Hey @christophebiocca, thanks for the report and for the detailed logs and repro!

I tried to play around with your example and I'm definitely getting consistent deadlocks too. I even tried spawning two commands directly into tokio without using buffered and I saw the issue happen as well, so I think this might be a bug with tokio-signal and not the Buffered future itself.

I also tried putting a ::std::thread::sleep_ms(500) statement before spawning the command and the issue went away, so there's probably some race condition being triggered which prevents us from successfully getting woken up once the second signal arrives.

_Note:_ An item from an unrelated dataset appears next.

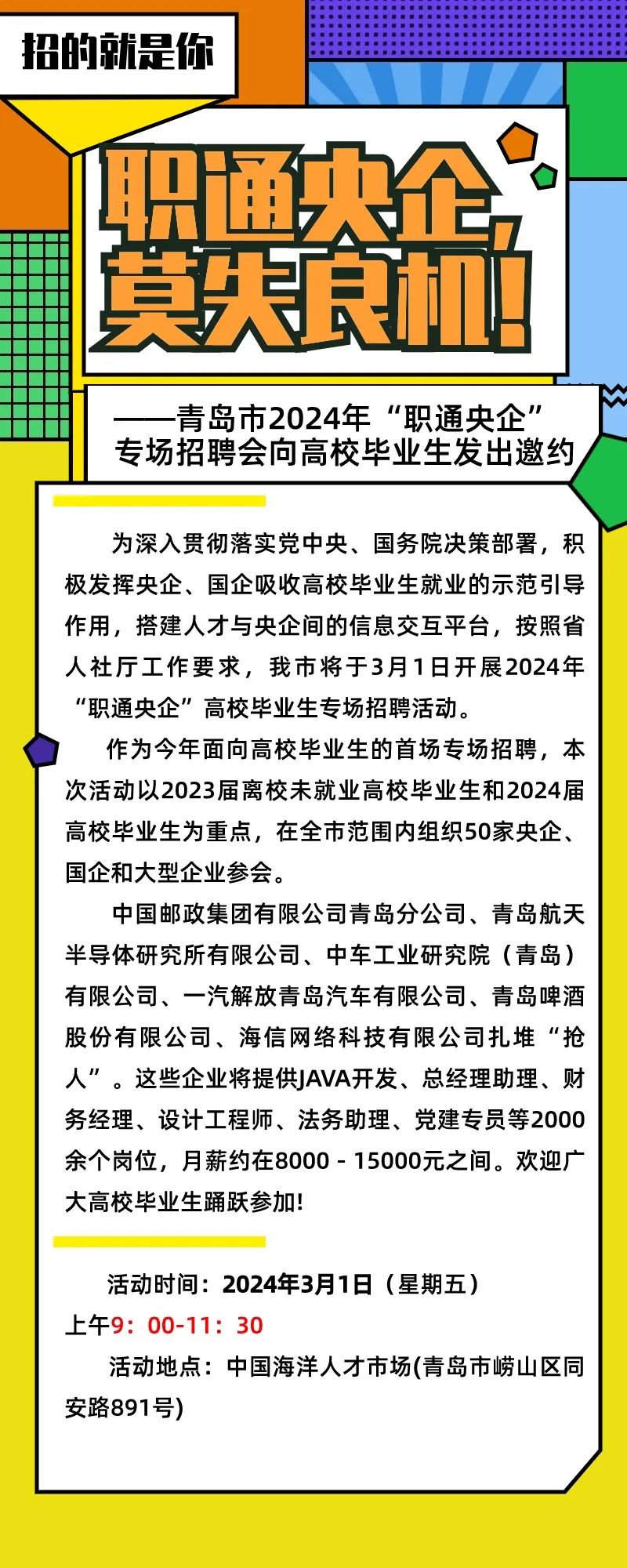 青岛人社发布:职通央企,莫失良机!——青岛市2024年“职通央企”专场招聘会来啦!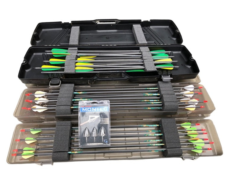 Assortment of hunting arrows and accessories, including brands Hunter and Barnett. Features Montec broadheads known for one-piece stainless steel construction and razor-sharp edges. Includes protective cases for transport and storage. Suitable for compound or crossbow setups depending on shaft type and nock configuration. Quantity: 13 Barnet Arrows - Each is approx. 22.5" in length 22 Hunter Arrows - Each is approx. 30" in length

Unfortunately, I'm not very familiar with the tokio-signal internals, so I don't have much of an idea of what could be wrong there. I'd recommend opening an issue with tokio-signal and getting some better insights there first!

@ipetkov
Copy link
Collaborator

ipetkov commented Jun 10, 2018

cc @alexcrichton, do you have any insight as to what could be going on here?

@alexcrichton
Copy link
Owner

Hm this does indeed look suspicious! I can't seem to reproduce locally though :(

@christophebiocca should cargo run just periodically deadlock in the repo above? Does it still do so for you today?

@alexcrichton
Copy link
Owner

Additionally some strace logs for both a successful and failing run may be helpful as well!

@ipetkov
Copy link
Collaborator

ipetkov commented Jun 28, 2018

@alexcrichton I was able to repro the issue pretty consistently on macOS. Also appears reproducible on a linux VM, though it took me a considerable amount of attempts before it occurred.

Strace logs of when the issue occurs: https://gist.github.com/ipetkov/93158a6d2ce8c256a4688b0f12e16bb6
Strace logs during a normal run for comparison: https://gist.github.com/ipetkov/8686ddee006e2fc4e6c24d37e1e166a0

@alexcrichton
Copy link
Owner

Hm curious! The hang looks like...

epoll_ctl(3, EPOLL_CTL_DEL, 6, {0, {u32=0, u64=0}}) = 0
...
--- SIGCHLD {si_signo=SIGCHLD, si_code=CLD_EXITED, si_pid=17964, si_status=0, si_utime=0, si_stime=0} ---
write(7, "\1", 1)                       = 1

where I believe that means the file descriptor that the signal handler is writing to was deregistered from the event loop before we wrote data to it. As to why that's happening I'm not entirely sure, it may be related to the reactor changes in Tokio over the past few months (which I haven't been keeping up with).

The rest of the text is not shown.